For most of the way, the Ledges Trail passes just below these rocky cliffsides, often times giving you the chance to climb up and through the jumble of rocks.

The trail begins at a parking area off Ohio Route 303, about two miles east of Riverview Road and the village of Peninsula.  The parking area is on the north side of the street…

… so you’ll have to pass through this tunnel to safely reach the south side…

… where you’ll find the Happy Days Lodge.  It was built by the Civilian Conservation Corps in 1938.  It was originally a camp for children during the Depression; now it serves as a visitor center.

Behind the Happy Days Lodge, the Haskell Run Trail begins.  It’s a 1/2 mile loop through the woods, and access to the Ledges Trail is on the opposite side.  Go left or right, and you’ll still end up at the Ledges Trail.

On your way, take a brief detour through the old Mater Dolorsa Cemetery…

… which consists of dozens of 100-plus-year-old graves and tombstones, nicely scattered amongst the trees.  You couldn’t ask for a nicer place for eternal rest.

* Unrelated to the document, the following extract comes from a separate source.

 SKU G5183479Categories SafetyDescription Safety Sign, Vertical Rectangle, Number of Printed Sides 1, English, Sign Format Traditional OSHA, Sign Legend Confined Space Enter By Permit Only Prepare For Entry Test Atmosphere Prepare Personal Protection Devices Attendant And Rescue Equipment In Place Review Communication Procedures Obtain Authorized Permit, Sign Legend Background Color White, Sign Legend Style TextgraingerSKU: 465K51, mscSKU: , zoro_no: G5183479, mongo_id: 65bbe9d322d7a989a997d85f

On the far side of the Haskell Run Trail loop, you’ll find the connector trail that allows you to cut over to the Ledges Trail loop.  Once there…

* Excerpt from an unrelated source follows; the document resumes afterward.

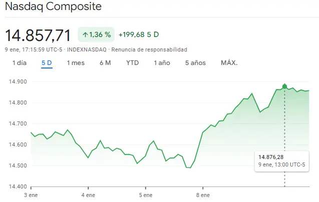 La semana ha sido más interesante de lo que podíamos esperarnos del índice Nasdaq 100 con sus cambios de tendencia que van de unos valores bajos a otros mucho más fuertes como los que hemos encontrado en el máximo de unos 14876.28 puntos. En cuanto a los máximos, los de caída los hemos llegado a apreciar en valores de unos 14500 puntos por el índice estadounidense. Ahora mismo el Nasdaq 100 cotiza unos 14857.71 puntos, subiendo unas cotizaciones de unos 199.68 puntos, creciendo un porcentaje del 1.36%.

… you’ll immediately discover that you have another option.  You could climb this staircase, which leads to the top of the plateau that’s circled by the Ledges Trail.  At the top, there’s a picnic area, restrooms, and a nice meadow.  We’ll catch a glimpse of this area later, as we circle around.

I decided to take a left when I reached the Ledges Loop, and head towards the “Ice Box”.  This put me on the east side of the loop, which in late afternoon, was already quite shadowy.

This area has some great free-standing rock formations…

… and some side trails, which may require a little scrambling, or squeezing between boulders.  These “secret passageways” will be a lot of fun for kids.

Some of the side trails I took looped back to the main trail, others reached dead-ends.

The “Ice Box”, which I mentioned earlier, is just one of many caves formed by gaps in the rocks.  I’m guessing there’s a cool breeze that flows out of the hole on hot days, but during my visit it wasn’t warm enough to notice much of a draft.

The trail continues, past rocks of all sizes…

… and through a forest of trees.  Then, suddenly…

… you encounter this surprise: a large meadow, free of trees, where you can lay in the sun and turn your kids loose to play on the grass.  This spot is near the road to the Ledges picnic area (which is in the middle of the loop made by the Ledges Trail, and at the top of that staircase I showed you earlier).

The road is also near this spot, which is advertised as the Ledges Overlook — although truth be told, there wasn’t much of a view, just more trees.

Next, the Ledges Trail drops down and runs directly underneath the overlook.  Suddenly, I was on the sunny side of the loop…

… which meant the sun was streaming through the trees, casting light and shadows on the rocks.

As I hiked, I tried to decide if this side was more impressive than the other side.  Over here, the cliffs seem a bit more imposing…

… at times hanging directly over the path.  But, there aren’t many side trails, that pass through gaping cracks in the rocks.  I guess it doesn’t matter which side is better, since it’s a loop trail, you get to see it all.

Once you’ve completed the Ledges Trail Loop, you can take the other half of the Haskell Run Trail, and end up back at the Happy Days Lodge, and the parking area.

The Ledges Trail is a 1.75 mile loop. Once you add in the connecting trails and the Haskell Run Trail, as well as some exploring on the side trails through the rocks, you’ll probably end up walking about 2.5 miles.